余談ですが、ゴジラ1作目の公開後、「どうしてゴジラが殺されなければならないのか」「ゴジラがかわいそう」といった抗議が殺到したらしいです。今も冬眠前のクマに対して同じこと言う人がウジャウジャいるようですし、人間ってホント変わらないんだなぁと思ってしまう…。

 

時は流れ、2023年。
2016年公開の『シン・ゴジラ』から実に7年ぶりに、ゴジラ生誕70周年記念作品として、再び終戦直後の日本を舞台としたゴジラ映画が製作されることとなりました。

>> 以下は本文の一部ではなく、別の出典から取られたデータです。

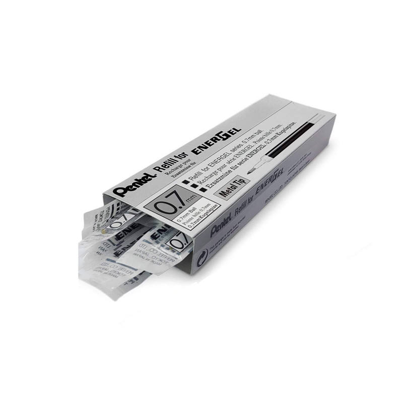 Boite de 12 recharges LRP7 pour roller encre gel permanant Energel Pentel BLP77. Bille 0,7mm, écriture moyenne. Encre permanente infalsifiable de couleur noire, conforme à la norme ISO 27668-2. Résistant à l'eau, la lumière, et au temps. Idéal pour la rédaction de documents officiels. Séchage rapide.
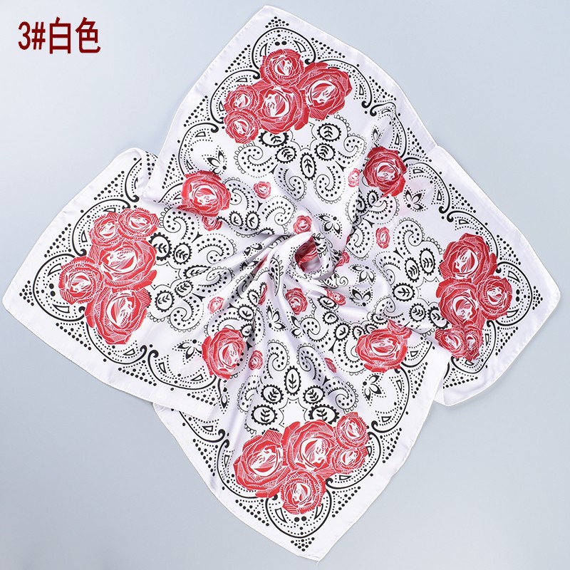 2023 Spring and Summer Red New Style Rose Pattern Printed Silk Scarf Fashion All-Matching 70 Kerchief Scarf Spot

それが本作、『ゴジラ-1.0(マイナスワン)』です。

正確には生誕70周年は来年ですが、来年にはハリウッドにて『ゴジラvsコング』の続編が公開予定らしく、契約の関係で同じ年にゴジラ映画を公開できないことから、本作は今年の公開となったそうです。本場は日本なんだから譲ってくれてもいいのに…。

 

もくじ

 

概要

監督・脚本・VFXを務めるのは、今や日本を代表する映画監督である、山崎貴
ALWAYS 三丁目の夕日』シリーズが特に有名かと思いますが、僕は『ジュブナイル』や『リターナー』を推したい世代。ドラえもんドラクエなど、CGアニメの作品も多く手掛けています。世間の評価はまぁ…うん…。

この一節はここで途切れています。